此模板支持流水线中多个位置的用户定义的函数 (UDF)，如下所述。如需了解详情，请参阅为 Dataflow 模板创建用户定义的函数。

索引函数

返回文档所属的索引。

模板参数：

javaScriptIndexFnGcsPath：JavaScript 文件的 Cloud Storage URI。
javaScriptIndexFnName：JavaScript 函数的名称。

函数规范：

输入：Elasticsearch 文档，序列化为 JSON 字符串。
输出：文档的 _index 元数据字段的值。

文档 ID 函数

返回文档 ID。

模板参数：

javaScriptIdFnGcsPath：JavaScript 文件的 Cloud Storage URI。
javaScriptIdFnName：JavaScript 函数的名称。

函数规范：

输入：Elasticsearch 文档，序列化为 JSON 字符串。
输出：文档的 _id 元数据字段的值。

文档删除函数

指定是否删除文档。如需使用此函数，请将批量插入模式设置为 INDEX 并提供文档 ID 函数。

模板参数：

javaScriptIsDeleteFnGcsPath：JavaScript 文件的 Cloud Storage URI。
javaScriptIsDeleteFnName：JavaScript 函数的名称。

函数规范：

输入：Elasticsearch 文档，序列化为 JSON 字符串。
输出：返回字符串 "true" 可删除文档，返回 "false" 可更新/插入文档。

映射类型函数

返回文档的映射类型。

模板参数：

javaScriptTypeFnGcsPath：JavaScript 文件的 Cloud Storage URI。
javaScriptTypeFnName：JavaScript 函数的名称。

函数规范：

输入：Elasticsearch 文档，序列化为 JSON 字符串。
输出：文档的 _type 元数据字段的值。

运行模板

控制台

转到 Dataflow 基于模板创建作业页面。

转到“基于模板创建作业”

在作业名称字段中，输入唯一的作业名称。
可选：对于区域性端点，从下拉菜单中选择一个值。

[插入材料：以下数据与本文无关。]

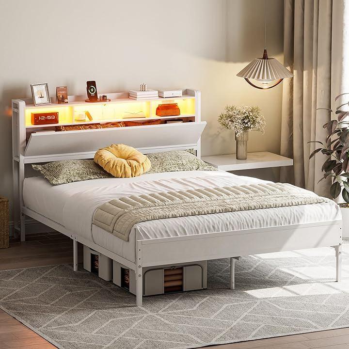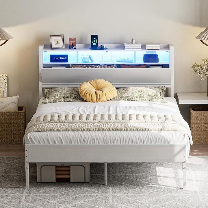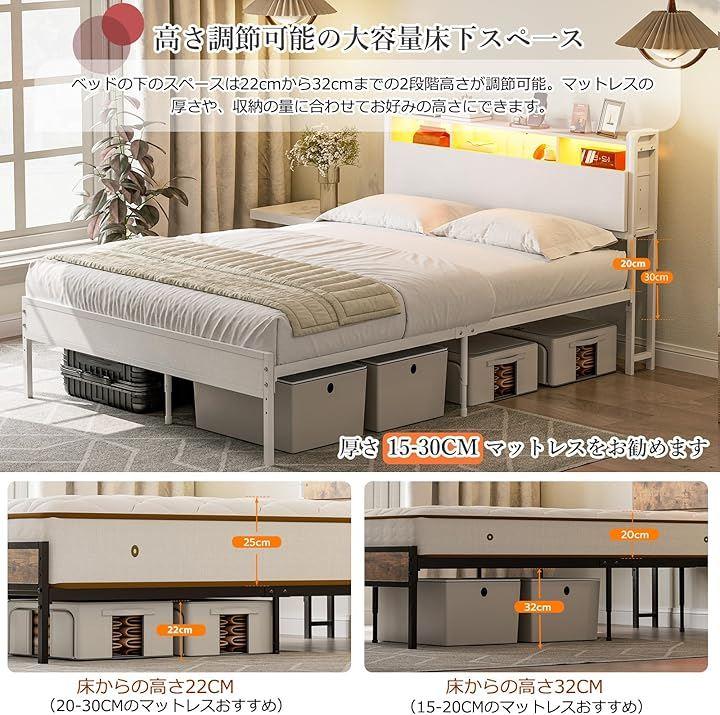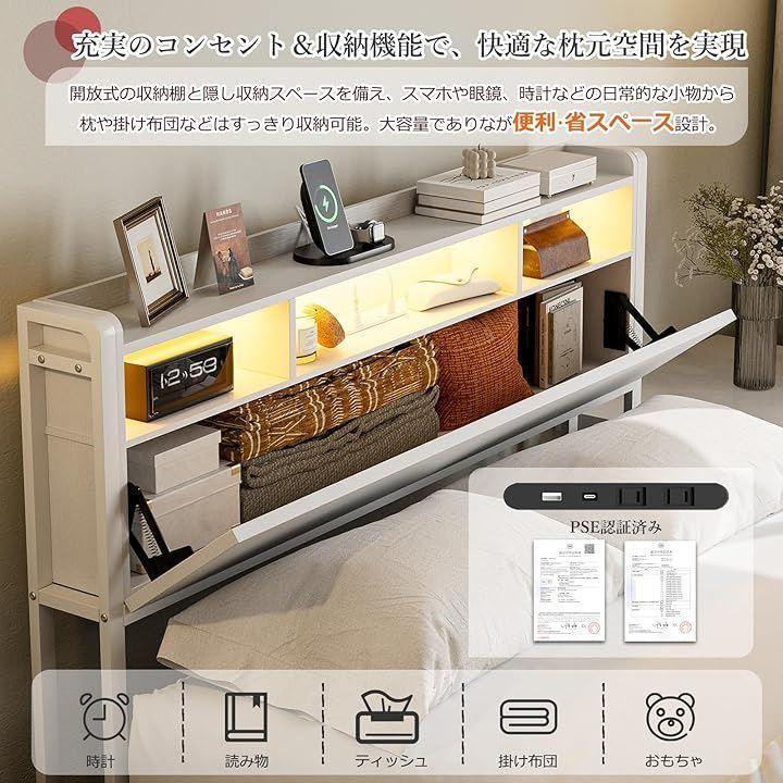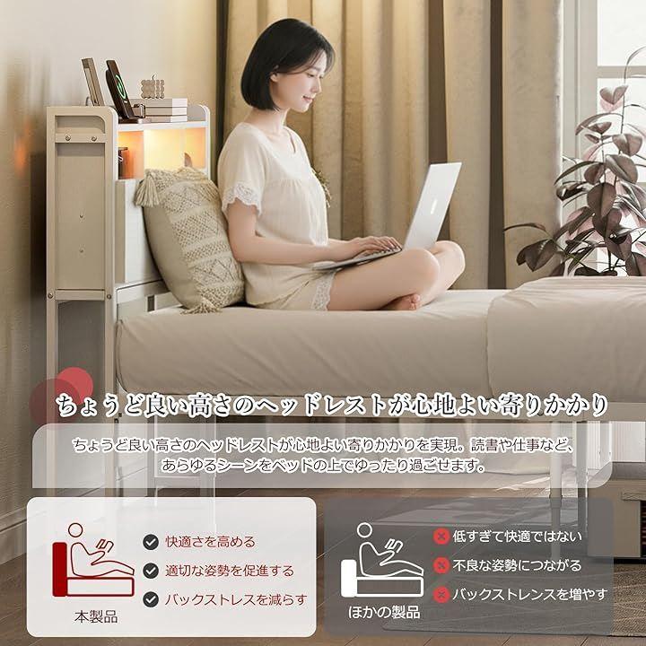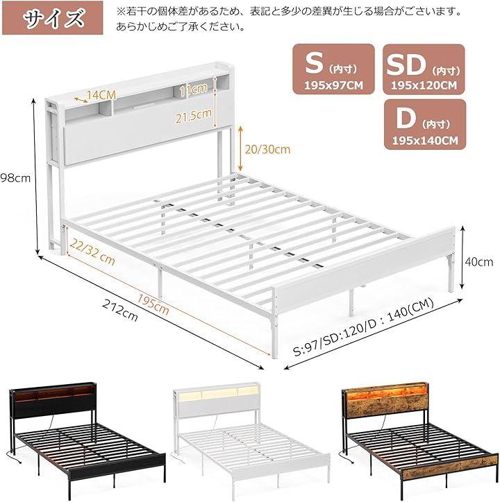 IKIFLY ベッドフレーム シングル 収納宮棚付き パイプベッド コンセント付き シングルベッド スチールベッド LEDライト付き 2段階高さ調整 頑丈 カビ防止 安定性 耐久性 耐荷重350KG 組立簡単 (幅97x奥行212x高さ98cm,S ホワイト)

默认区域为 us-central1。
如需查看可以在其中运行 Dataflow 作业的区域列表，请参阅 Dataflow 位置。
从 Dataflow 模板下拉菜单中，选择 the BigQuery to Elasticsearch template。
在提供的参数字段中，输入您的参数值。
点击运行作业。

gcloud

在 shell 或终端中，运行模板：

gcloud dataflow flex-template run JOB_NAME \
    --project=PROJECT_ID \
    --region=REGION_NAME \
    --template-file-gcs-location=gs://dataflow-templates-REGION_NAME/VERSION/flex/BigQuery_to_Elasticsearch \
    --parameters \
inputTableSpec=INPUT_TABLE_SPEC,\
connectionUrl=CONNECTION_URL,\
apiKey=APIKEY,\
index=INDEX

替换以下内容：

PROJECT_ID：您要在其中运行 Dataflow 作业的 Google Cloud 项目 ID
JOB_NAME：您选择的唯一性作业名称
REGION_NAME：要在其中部署 Dataflow 作业的区域，例如 us-central1
VERSION：您要使用的模板的版本
您可使用以下值：
- latest，以使用模板的最新版本，该模板在存储桶的未标示日期的父文件夹 (gs://dataflow-templates-REGION_NAME/latest/) 中可用
- 版本名称（如 2023-09-12-00_RC00），以使用模板的特定版本，该版本嵌套在存储桶的相应日期父文件夹 (gs://dataflow-templates-REGION_NAME/) 中
注意：最新版模板可能会随着重大更改而更新。为了防止这些重大更改影响您的生产工作流程，生产环境应使用有最近标示日期的父文件夹中保存的模板。
INPUT_TABLE_SPEC：您的 BigQuery 表名称。
CONNECTION_URL：您的 Elasticsearch 网址。
APIKEY：用于身份验证的 base64 编码 API 密钥。
INDEX：您的 Elasticsearch 索引。

API

如需使用 REST API 来运行模板，请发送 HTTP POST 请求。如需详细了解 API 及其授权范围，请参阅 projects.templates.launch。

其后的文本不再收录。